É curioso constatar como sem pensarmos nisso, são sempre esses quadros de maravilha, os que recordamos com saudades ao afastarmo-nos deles.

O sonho de cada um é sempre ver progredir aterá em que nasceu e prosperar os seus filhos. O nosso maior desejo é ver subir os nossos conterrâneos.

Numa terra pequena o ideal de todos deve ser a harmonia. Banir as invejas. Quando a política impera é sempre uma fatalidade. Devemos ser solidários para conseguirmos o desenvolvimento do canto amado. Tábua merece a atenção de todos.

É útil e simpático elogiar os que trabalham exaustivamente para levantar o nível social do rincão adorado que os viu nascer.

Felizmente temos tido elementos que deixaram obras de tal grandeza que o seu nome esquecerá jamais…

Os paços do concelho grandiosa realização do Sr.
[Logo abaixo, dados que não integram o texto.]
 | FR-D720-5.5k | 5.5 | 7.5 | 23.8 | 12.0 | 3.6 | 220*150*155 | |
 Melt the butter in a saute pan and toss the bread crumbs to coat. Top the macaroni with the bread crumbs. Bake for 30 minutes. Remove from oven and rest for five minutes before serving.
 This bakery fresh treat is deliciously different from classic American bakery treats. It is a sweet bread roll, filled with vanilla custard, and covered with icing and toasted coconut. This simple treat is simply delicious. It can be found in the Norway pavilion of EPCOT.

José Teles Corte Real é um exemplo digno de admiração e que marca lugar de destaque nas páginas da história de Tábua.

A Associação Humanitária dos Bombeiros de Tábua foi criada pelo ilustre facultativo, Dr. António Oliveira Costa Júnior, pessoa inteligentíssima que institui essa prestimosa Associação com o benemérito fim de evitar cataclismos que enlutam a humanidade. Foi dos gestos mais edificantes que se registaram em Tábua. O Sr. Dr. Costa que há anos, numa carreira brilhantíssima tem erguido o seu nome a toda a altura com o seu saber profundo, com a sua bondade, salvando e melhorando o sofrimento alheio, tem jus à maior gratidão do público.
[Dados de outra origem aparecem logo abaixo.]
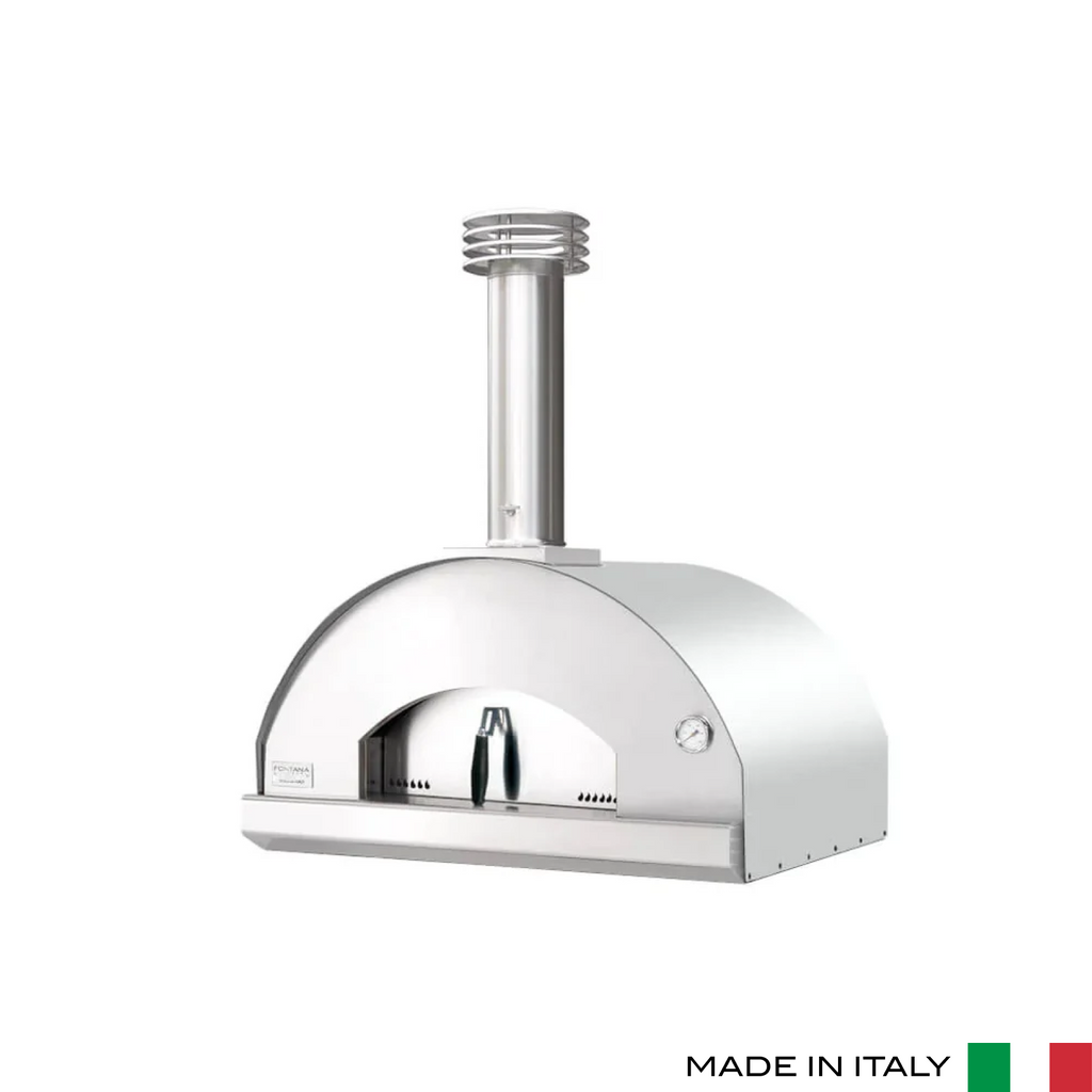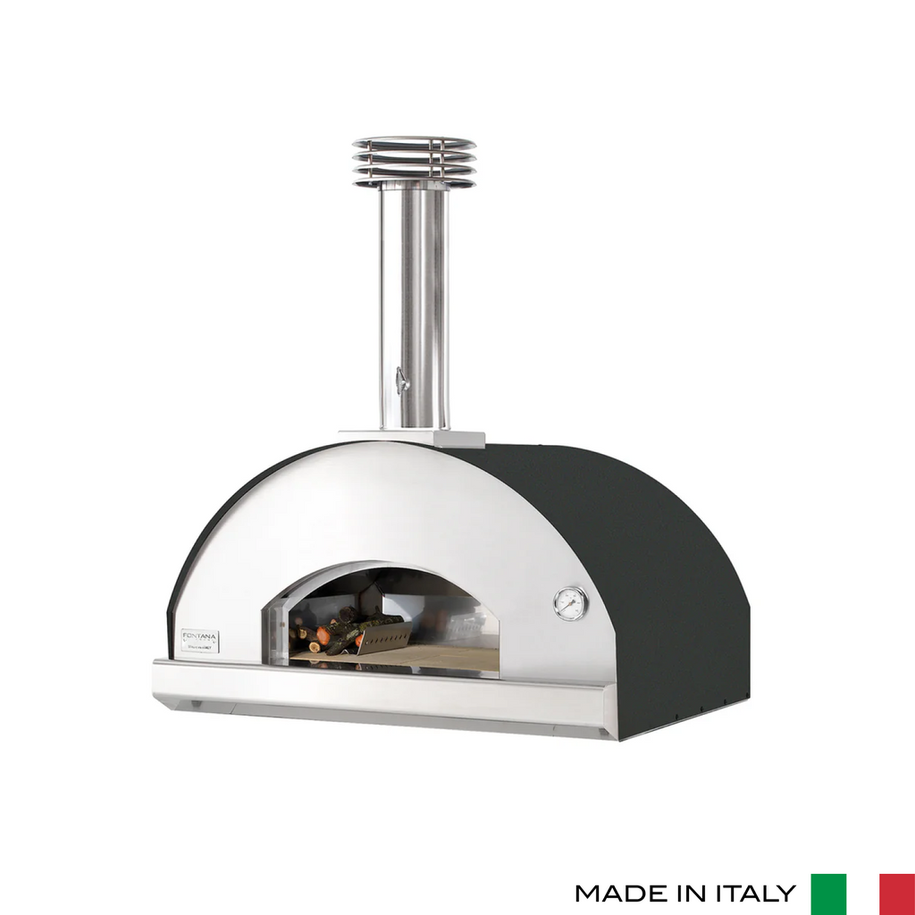 The Fontana MANGIAFUOCO Oven features 80 x 60 cm cooking chamber. It comes complete with a wood- holder plate, fire tool, flue pipe and chimney top and removable stainless steel door for the cooking chamber. The fire surface is made of high quality refractory chamotte which is certified for food use. The internal structure is made of stainless steel, while the external one is electro-galvanised steel treated with paints at high temperature for maximum resistance to heat, weather and rust. The insulation of the oven is made of natural rock wool that maintains temperature more efficiently and avoids the external structure becoming too hot.

O hospital monumental é também digno de admiração e gratidão ao benemérito senhor Martins Borges que teve essa generosa ideia que heroicamente levou a cabo.

Há por vezes momentos de pausa em que a atmosfera se ensombra melancolizando a paisagem. É passageira essa fase. De novo a esperança clareia o ambiente e o sol volta a brilhar iluminando a terra. Tudo espera do novo Presidente da Câmara que com o seu dinamismo e inteligência vai dar um impulso forte â nossa querida região. O senhor José Oliveira e Costa é uma figura invulgar.

Trabalhador, enérgico e empreendedor, triunfou na vida e vai, igualmente triunfar na Câmara a que preside. Todos têm os olhos fitos nele, com a certeza de que, em breve será uma realidade o sonho de todos.

A sua obra vai dar anseio a que a Comarca volte para o seu lugar como é justo. Sabe-se o desastre que foi para a terra a perda da Comarca.

O senhor José Costa, presidente e empreendedor, mostrando a sua obra que será apreciada por todos, vai conseguir o que todos desejam.

Quando se nota o desenvolvimento de uma terra, os poderes supremos olham maravilhados e atendem as reclamações dos povos, que trabalham para bem de todos e para bem da Pátria.

Felicitemo-nos todos por feliz escolha do novo Presidente da Câmara, senhor José Oliveira Costa que saudamos entusiasticamente e que vai marcar a sua passagem na Câmara com obras importantes».

Sarah Beirão - Agosto de 1963

Depois de fazer uma reflexão por esta narrativa, apraz-me dizer, como esta escrita está tão actual!

E o que dizer do pai dos pobres? Do autêntico João Semana. O Senhor Dr. Costa júnior, grande médico que se radicou em Tábua e cá viveu até ao fim da sua vida. Grande médico, grande homem. Quem não se lembra das consultas para os pobres (gratuitas) das 9 às 10 horas. Quem não se lembra que podia ir ao consultório a qualquer hora do dia ou da noite, que era sempre atendido. Um grande tabuense, um bem feitor da população tabuense e dos concelhos vizinhos.

Depois do 25 de Abril apareceram outros tabuenses, que fizeram também muitas coisas pelo nosso concelho. O Eng.º Barata Portugal, grande obreiro do desenvolvimento da vila de Tábua, rasgando novas avenidas e com isso criando o desenvolvimento da vila.

O Eng.º Ivo Portela, outro tabuense que também tem feito muito pelo nosso concelho, basta ver as acessibilidades. Nestas coisas da política não se pode agradar a todos. Deus que foi Deus também não agradou a todos.

Faça-se uma reflexão sobre o que Sarah Beirão escreveu em 1963. Não deixem que a politica estrague o nosso concelho, unam-se em prol do desenvolvimento, para poder-mos ser grandes e para que tenhamos condições de vida na nossa terra. Só assim é que o nosso concelho irá para a frente.